Hordes of angry opposition supporters are still marching through the snowy capital of Ukraine in sustained dispute over last weekend's elections. The protests have been marked by civility, although the opposition leader threatened strikes by his supporters after being declared the looser.

CBS News Correspondent Richard Roth reports that a government commission today declared Prime Minister Viktor Yanukovych the official winner, which caused backlash from a chorus of Western capitals, including Washington.

"We cannot accept this result as legitimate because it does not meet international standards and because there has not been an investigation of the numerous and credible reports of fraud and abuse," Powell said.

But, as Roth reports, Ukraine's ruling party has rejected the West's criticism as interference. The government's position is that Yanukovich, backed by Moscow and favoring close ties to Russia, is officially president-elect.

Powell said there would be consequences for U.S.-Ukraine relations if the government there did not act "immediately and responsibly" to find a solution that respected the will of its people.

If Ukraine does not respect the popular will, Powell suggested that the country's ambitions to join European institutions could be thwarted.

In other countries where fraudulent elections have been held, the United States has revoked the visas of officials responsible and frozen their U.S.-based assets. U.S. officials said those penalties are possible in Ukraine unless officials take corrective measures.

"It is still not too late," Powell said, expressing support for an offer to mediate by Polish President Aleksander Kwasniewski

Russia has been an unabashed supporter of Yanukovych. Indications of Russian meddling in the process have troubled Washington, although leaders haven't said outright that they support opponent Victor Yushchenko, who appeared to be appalled by the government's decision on the election early Wednesday.

"This decision puts Ukraine on the verge of civil conflict," Yushchenko said, calling for a transport stoppage and other strike action.

Yanukovych won 49.46 percent of Sunday's vote, against Viktor Yushchenko's 46.61 percent, the election commission said in announcing the final results.

Yushchenko called the commission's final count "their latest crime."

"With this decision, they want to put us on our knees," he told his followers massed in Independence Square, as the crowd chanted: "Shame!

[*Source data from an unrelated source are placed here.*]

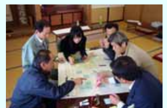
地域づくりワークショップなどの 企画、運営を支援

山形県では、農山漁村元気づくり 応援プランを掲げ、元気ある地域づ くりを推進している。これらの地域 づくりワークショップ等を企画運営 できる人材として、県が定めた現 場、企画、実践研修を終了した職 員をプランナーとして認定し、地域 づくりを支援している。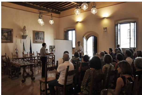
Sala Consiliare del Comune di Anghiari – Premiazione 2018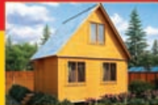
«Ярлык» 150х1,2х4,2 м (каркас) – 238 980 руб. «Ярлык» 8С 150х1,2х4,2 м (строительный брус) – 277 620 руб. «Ярлык» 8С 150х1,2х4,2 м (клееный брус) – 343 170 руб. Срок строительства: 4 дня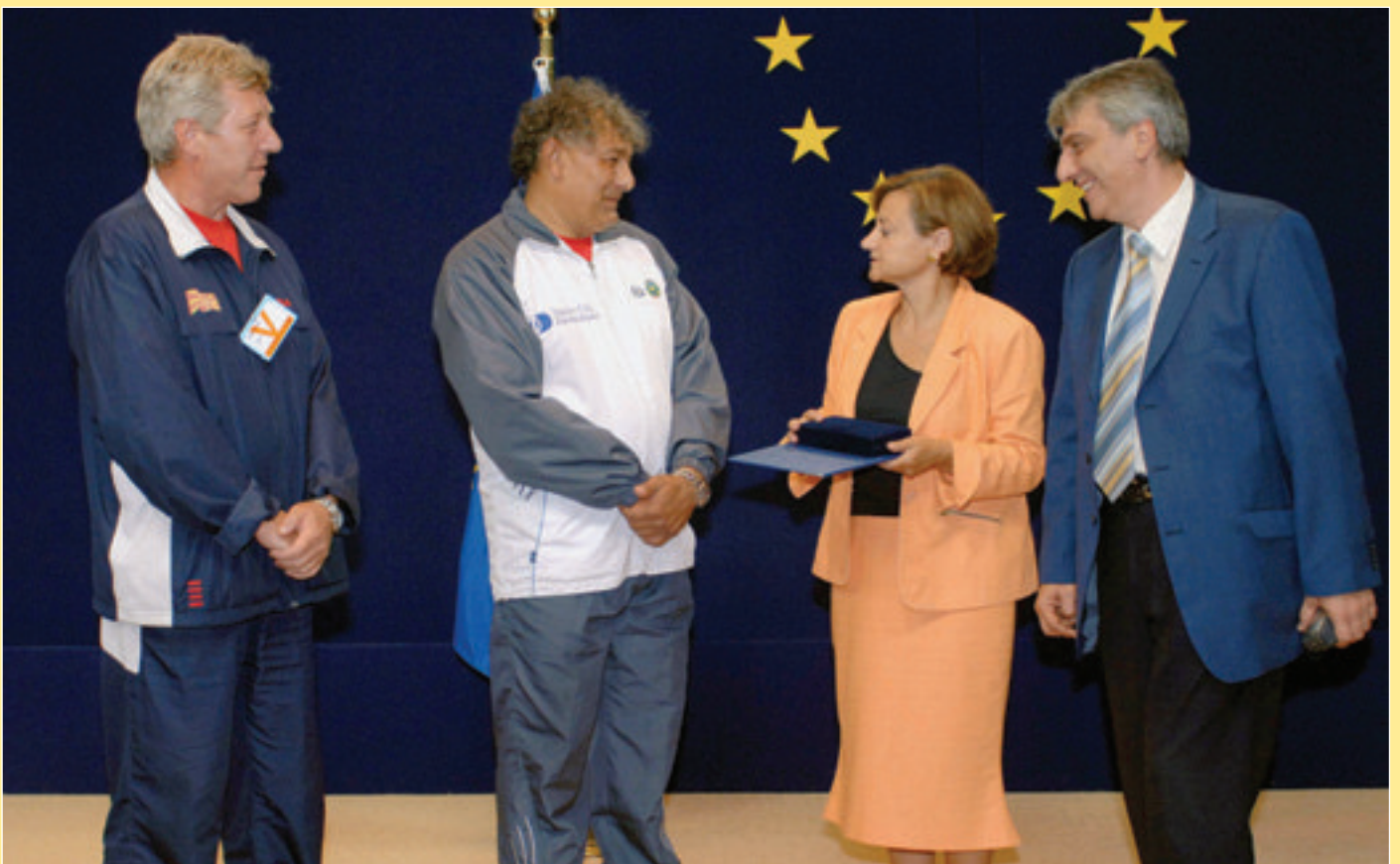
На 1-й сторінці обкладинки: Президент ЄК Жозеф Мануель Баррозу зустрічається із прем'єр-міністром України Юрієм Єхануровим.

Shame!"

But Powell withheld criticism of Moscow. After conferring with Russian Foreign Minister Sergei Lavrov, Powell said Washington and Moscow are both interested in finding a peaceful solution to the problem.

Ukraine was one of the most valued republics of the former Soviet Union, given its size and resources. The country's current population is 50 million. But Ukraine never felt comfortable under Soviet control and opted for independent status in 1991.

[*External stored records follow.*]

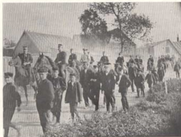
En unik bild från Skånska trängkårens marsch till den nya kasernen efter aflastningen på Hässleholms järnvägsstation den 3 oktober 1907.

Därvid föll han ned mellan vagnarna samt fick några skador, dock inga lifsfarliga."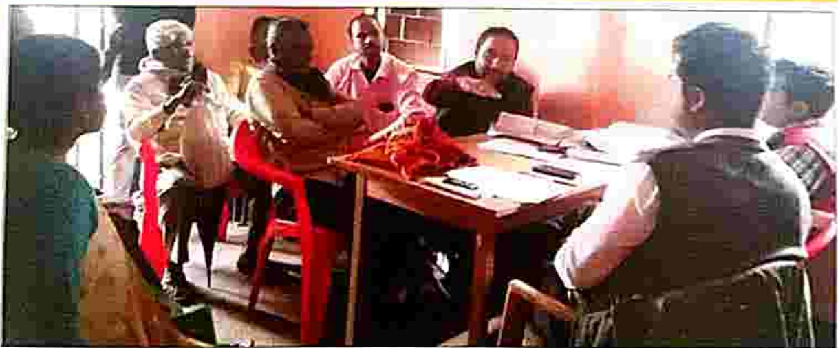
A few glimpses of the Special Lok Adalat proceedings held on 20th January 2019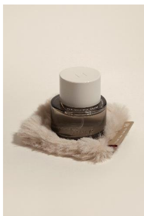
オードゥ パルフアム& ムードファーコースター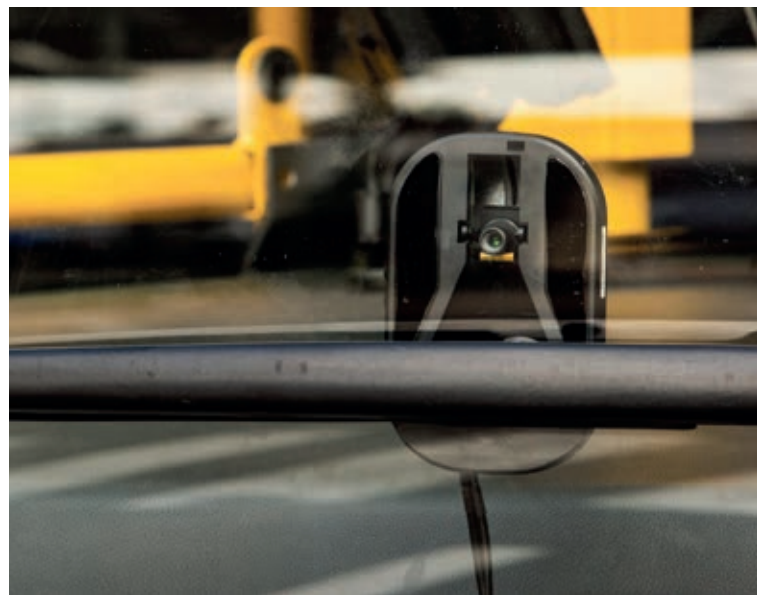
Takie inteligentne „oko” zbierze dane m.in. o mobilności pieszych i rowerzystów

Dzięki zamontowanym kamerom możliwa będzie identyfikacja infrastruktury drogowej, m.in.: sygnalizacji świetlnej, znaków drogowych czy choćby dziur w jezdni. System umożliwi mapowanie infrastruktury drogowej oraz dynamiczne mapowanie mobilności pieszych i rowerzystów. Rozwiązanie to pozwoli poprawić bezpieczeństwo w ruchu drogowym we Wrocławiu. Dodatkowo będzie ostrzegał kierowców autobusów przed nagłym wtargnięciem na jezdnię innych użytkowników dróg.

Russia has been eager to retain influence over Ukraine, which occupies a strategically sensitive position between Russia and NATO's eastern flank. Russia has regarded the pro-western Yushchenko as a threat to it interests in the region.

The Bush administration appreciates Ukraine's deployment of 1,600 troops to Iraq but has said this contribution does not offset the need for a credible electoral process.

Some prominent Americans have gone to Ukraine since February to urge respect for democratic standards. From the administration, the list includes Defense Secretary Donald H. Rumsfeld, Deputy Secretary Richard Armitage and U.S. foreign aid chief Andrew Natsios.

Other visitors include former President Bush, former Secretary of State Madeleine Albright, former national security adviser Zbigniew Brzezinski and former U.N. Ambassador Richard Holbrooke.